The current findings also serve to emphasize the importance of so-called natural products in drug discovery, with versipelostatin possessing a unique structure crafted by a lowly soil bacterium with a skill that is clearly outperforming the vast majority of human chemists and supercomputer-assisted in silico drug designers and molecular structure dockers. The studies reported by Park and colleagues (8) forcefully illustrate the boundless capacity of nature to select unique stereochemistries that allow illumination of entirely new molecular mechanisms of medicinal importance. The U.S. National Cancer Institute (NCI) maintains a collection program for extracts from the plant, marine, and microbiological worlds for general use (http://dtp.nci.nih.gov) by investigators in drug discovery. Although not derived from the NCI collection of extracts, versipelostatin again demonstrates the value of applying such extracts to smart, biologically rigorous screens that allow novel molecular phenotypes to be discerned as drug leads from such collections. Such clinically useful agents as the taxanes, camptothecins, and rapamycins, among numerous other antiproliferative or immunomodulatory agents, got their start as crude extracts with noteworthy cell biology–directed or biochemical activities.

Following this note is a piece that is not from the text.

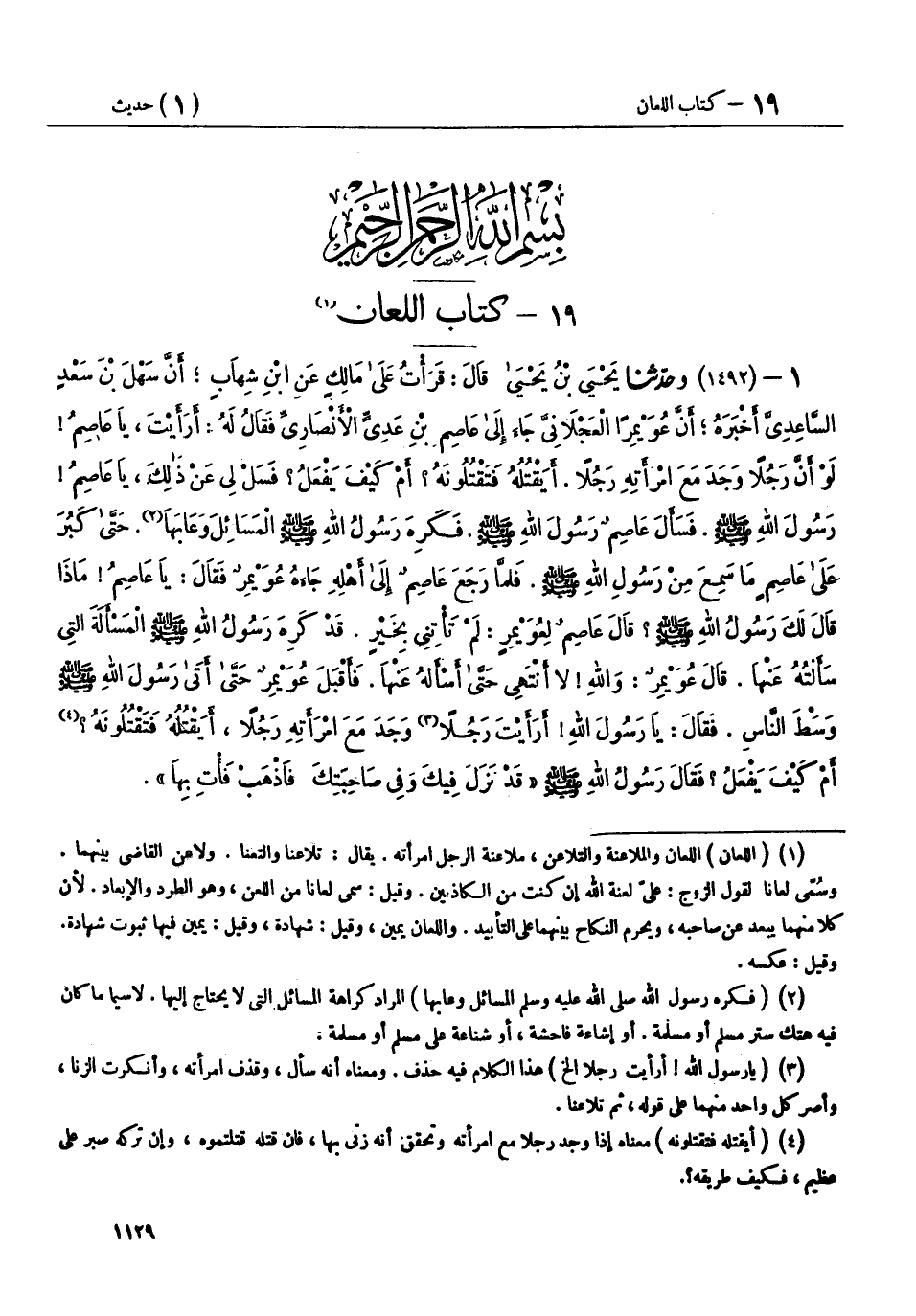 1 - (1492) وحَدَّثَنَا يَحْيَى بْنُ يَحْيَى، قَالَ: قَرَأْتُ عَلَى مَالِكٍ، عَنِ ابْنِ شِهَابٍ، أَنَّ سَهْلَ بْنَ سَعْدٍ السَّاعِدِيَّ، أَخْبَرَهُ، أَنَّ عُوَيْمِرًا الْعَجْلَانِيَّ، جَاءَ إِلَى عَاصِمِ بْنِ عَدِيٍّ الْأَنْصَارِيِّ، فَقَالَ لَهُ: أَرَأَيْتَ يَا عَاصِمُ لَوْ أَنَّ رَجُلًا وَجَدَ مَعَ امْرَأَتِهِ رَجُلًا أَيَقْتُلُهُ، فَتَقْتُلُونَهُ، أَمْ كَيْفَ يَفْعَلُ؟ فَسَلْ لِي عَنْ ذَلِكَ يَا عَاصِمُ رَسُولَ اللهِ صَلَّى اللهُ عَلَيْهِ وَسَلَّمَ، فَسَأَلَ عَاصِمٌ رَسُولَ اللهِ صَلَّى اللهُ عَلَيْهِ وَسَلَّمَ، فَكَرِهَ رَسُولُ اللهِ صَلَّى اللهُ عَلَيْهِ وَسَلَّمَ الْمَسَائِلَ وَعَابَهَا، حَتَّى كَبُرَ عَلَى عَاصِمٍ مَا سَمِعَ مِنْ رَسُولِ اللهِ صَلَّى اللهُ عَلَيْهِ وَسَلَّمَ، فَلَمَّا رَجَعَ عَاصِمٌ إِلَى أَهْلِهِ جَاءَهُ عُوَيْمِرٌ، فَقَالَ: يَا عَاصِمُ مَاذَا قَالَ لَكَ رَسُولُ اللهِ صَلَّى اللهُ عَلَيْهِ وَسَلَّمَ؟ قَالَ عَاصِمٌ لِعُوَيْمِرٍ: لَمْ تَأْتِنِي بِخَيْرٍ، قَدْ كَرِهَ رَسُولُ اللهِ صَلَّى اللهُ عَلَيْهِ وَسَلَّمَ الْمَسْأَلَةَ الَّتِي سَأَلْتُهُ عَنْهَا؟ قَالَ عُوَيْمِرٌ: وَاللهِ، لَا أَنْتَهِي حَتَّى أَسْأَلَهُ عَنْهَا، فَأَقْبَلَ عُوَيْمِرٌ حَتَّى أَتَى رَسُولَ اللهِ صَلَّى اللهُ عَلَيْهِ وَسَلَّمَ وَسَطَ النَّاسِ، فَقَالَ: يَا رَسُولَ اللهِ، أَرَأَيْتَ رَجُلًا وَجَدَ مَعَ امْرَأَتِهِ رَجُلًا أَيَقْتُلُهُ فَتَقْتُلُونَهُ؟ أَمْ كَيْفَ يَفْعَلُ؟ فَقَالَ رَسُولُ اللهِ صَلَّى اللهُ عَلَيْهِ وَسَلَّمَ: «§قَدْ نَزَلَ فِيكَ وَفِي صَاحِبَتِكَ، فَاذْهَبْ فَأْتِ بِهَا»، قَالَ سَهْلٌ: فَتَلَاعَنَا وَأَنَا مَعَ النَّاسِ عِنْدَ رَسُولِ اللهِ صَلَّى اللهُ عَلَيْهِ وَسَلَّمَ، فَلَمَّا فَرَغَا، قَالَ عُوَيْمِرٌ: كَذَبْتُ عَلَيْهَا يَا رَسُولَ اللهِ، إِنْ أَمْسَكْتُهَا، فَطَلَّقَهَا ثَلَاثًا قَبْلَ أَنْ يَأْمُرَهُ رَسُولُ اللهِ صَلَّى اللهُ عَلَيْهِ وَسَلَّمَ قَالَ ابْنُ شِهَابٍ: «فَكَانَتْ سُنَّةَ الْمُتَلَاعِنَيْنِ»،

We await with great interest a more broad characterization of the antitumor activity of versipelostatin. It may itself be capable of entry into later stage preclinical or even clinical testing. More likely, the elucidation of its detailed molecular mechanism will allow crafting of derivatives with improved pharmacologic properties, enhanced tolerability, or intrinsically better efficacy in modulating the cellular response to glucose deprivation. But versipelostatin itself can now be recognized as a chemical tool in chipping away at the enigma of how tumors can survive in their unique nutritional milieu, and it offers a real basis for integrating a knowledge of the molecular basis for that behavior into novel treatment strategies. These approaches would provoke tumor cell death for want of the glucose that the tumor craves, a most sweet prospect indeed!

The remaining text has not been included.